Rafsanjani supporters said they found painful irony in the fact that their rival appealed to some voters bent on opposing the establishment. They say Ahmadinejad is a front for the conservative appointees at the top of Iran's byzantine constitutional structure who have thwarted the reformist agenda of Mohammad Khatami, the outgoing president. Khatami was twice swept into the presidency with more than 70 percent of the vote.

Critics say the mayor is a vehicle for others' goals. "He is like one of these disposable cups you use once and throw away," said Mohammad Atrianfar, a senior official in Rafsanjani's campaign.

"Of course," Atrianfar added, "the blame is not to be put on Ahmadinejad.
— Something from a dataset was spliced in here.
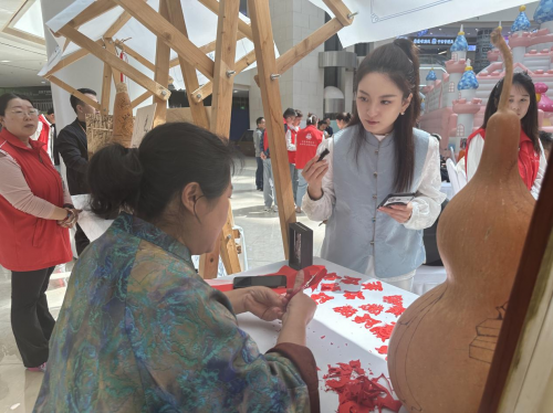 活动现场,乡村e镇的展位人气十足,各类特色产品琳琅满目。既有福同惠、南耀離等老字号糕点,传承百年工艺,承载着盐湖记忆;也有运康锅巴、本土水果脆等好物,以优质原料和精细工艺,满足不同人群需求,还有奇强系列日化产品,全方位覆盖日常家居清洁需求。与此同时,展位内特别设置非遗专区,陈列着剪纸、葫芦等特色非遗展品,与各类特色产品交相辉映,共同成为现场市民争相关注的焦点。

The blame has to be put on the Iranian political structure and the Guardian Council."

The council is the most activist of three panels of self-appointed, mostly hard-line clerics whose authority outstrips that of any elected Iranian official. Last year, the Guardian Council used its power to bar all reformers from running for parliament. Critics say the clerics and their allies see in Ahmadinejad the opportunity to finally gain control of the executive branch and its ministries.

"Twenty-six years have passed since the revolution," Atrianfar said, "and they still haven't gotten their hands on the administration."
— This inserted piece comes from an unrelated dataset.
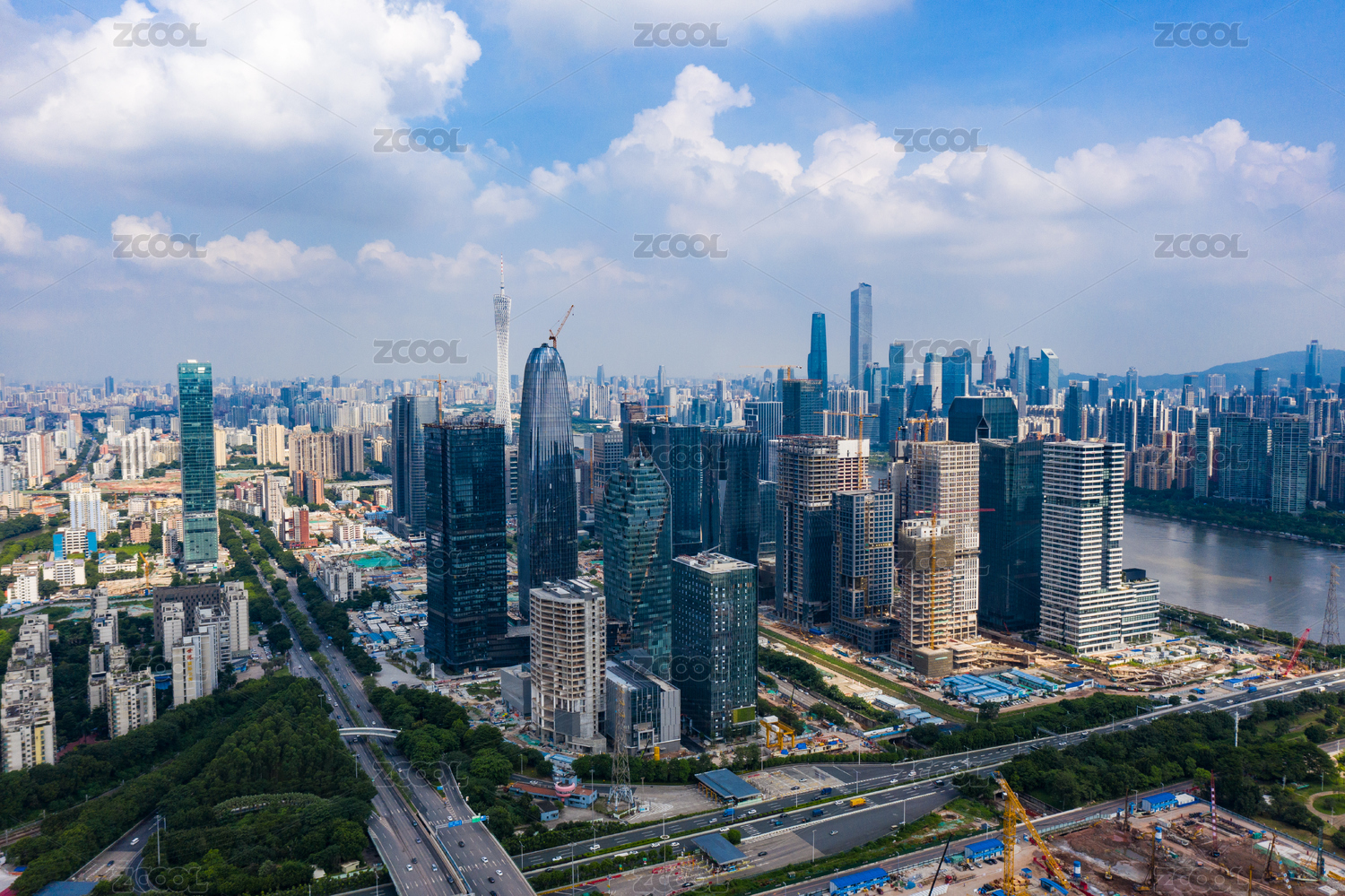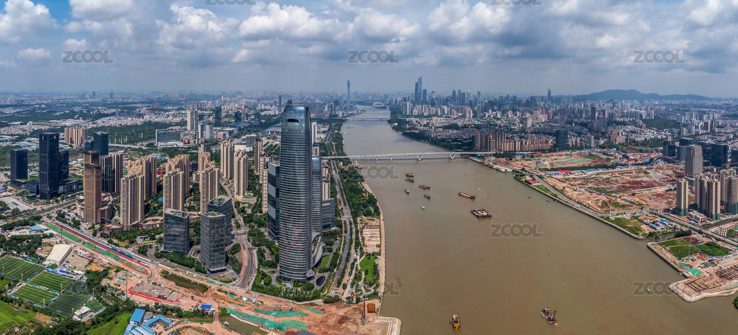 全景航拍广州琶洲CBD建筑工地

Ahmadinejad has denied being a front, but his career has deep roots in the murky power center that is Iran's military.

The son of a blacksmith, he was raised in the east Tehran neighborhood of Marmak, where from elementary school on he stood out as "the smartest student in east Tehran," said Hadian-Jazy, a former classmate. After the revolution, Ahmadinejad joined the Revolutionary Guard, serving in the eight-year war with Iraq as an engineer. He was also active in the basij , the state-sponsored militia that enforces rules against drinking and other behavior deemed un-Islamic.

In Tehran, Ahmadinejad's campaign headquarters brims with young men wearing long-sleeved black shirts, the uniform of the basij. Like officers in the Revolutionary Guard, those in charge chat with reporters but refuse to give their full names. Both groups are said to have turned out heavily for the mayor.

"We don't want extensions of freedom on a Western model. We want something of our own, something local," said Mohammad Shakiba, 19, a basij member, dressed in a business suit, who spoke in the courtyard of a mosque.

Ahmadinejad won the job of mayor two years ago after his conservative party prevailed in a local election with only a 12 percent turnout. Since then, his tenure has been distinguished by largess, as his office handed out money to community groups for religious observances and sharply increased the size of loans to newly married couples.